Another crossover is the red woolly hat that Sam wears for most of the film. In Pageboy, he writes of being told as a young actor in Hollywood to “take off your hat”, another push toward gender conformity. Now he wears it proudly throughout Close to You. Deliberate or coincidental? “I think a bit of both. A hat is, and has been throughout my life, some kind of gender marker for me. And now it’s like: ‘Oh yeah, I can do this. And it’s not an issue. It’s not going to turn into a long conversation.’” Arguably the most radical moment in the film occurs when Sam has taken all he can of the domestic tensions. “Family is not the most important thing,” he announces. For queer and trans people, the pressure to placate or conform to a family who may not have your best interests at heart means putting up with aggressions of the micro and macro variety. Close to You suggests it is perfectly reasonable simply to opt out.
“I don’t write those lines, so things are said that are really meant,” says Savage of his improvisatory process. “The actors aren’t acting any more. Elliot reacted in that organic way and it was rather perfect and beautiful. I liked the surprise of it. I remember us at the time saying to each other: ‘That was important.’” Page beams proudly. “You could feel something happen,” he says. “And yeah, we’re not actually used to a queer trans person having a boundary in that moment: ‘Hey, I actually don’t want to sit here and this isn’t good for me.’”
That resonates with Savage, who is a father of three adult daughters. “I get it. We find our families in all kinds of places, don’t we? They’re not necessarily the people that we’ve grown up with and that we were born to. Some people, I imagine, would think that was heresy, but I find it quite a liberating idea.”

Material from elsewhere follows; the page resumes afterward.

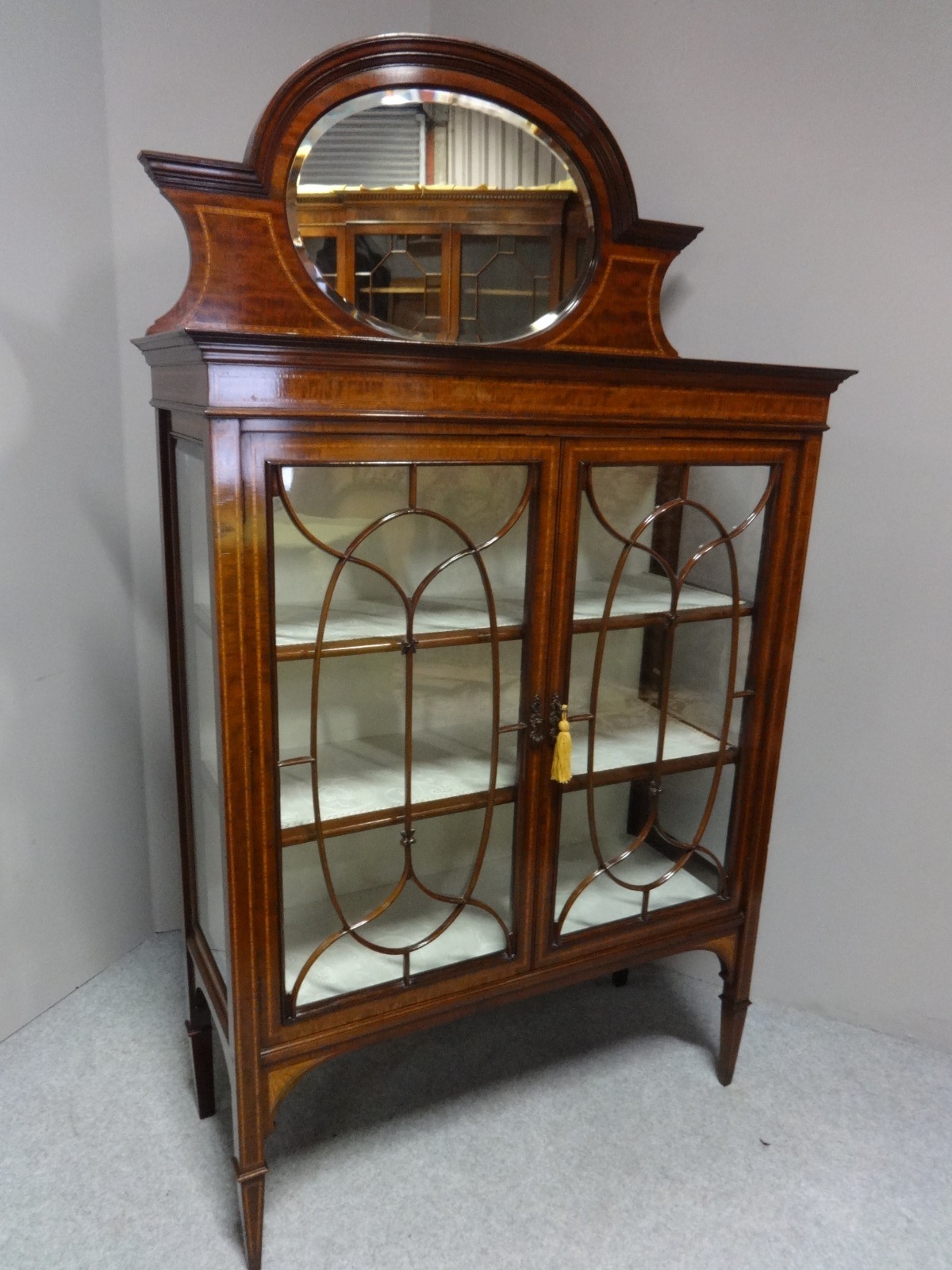 A very nice quality inlaid mahogany display cabinet with two shelves, beveled glass sides, fully relined in cream fabric, excellent colour and condition.

The scarcity of trans narratives puts undue pressure on the ones that get made to tell everybody’s stories. But trans film-makers including Isabel Sandoval (Lingua Franca) and Jessica Dunn Rovinelli (So Pretty) have spoken of their frustration at the emphasis on the educational in trans cinema and an obligation for those films to be easily understood by cisgender audiences. Close to You is not guilty of that, but Page isn’t oblivious to the complaint.
“It can, of course, be tiresome,” he says. “But I also try my best when I’m doing press to be like: ‘I understand that you don’t know a trans person, so let’s talk about it …’ The vast majority of people don’t personally know a trans person, or don’t think they do. That helps to spread the lies about our lives, about our healthcare, about who we are – and to then have those lies utilised for nefarious means.”
Close to You can only help, though any good intentions would count for little if it wasn’t also a complex work: wise about how we balance our duties to ourselves and others, devout but unsentimental in its portrait of romance, and with a brave, bold lead performance that deserves to shock a temporarily flatlined film career back to life.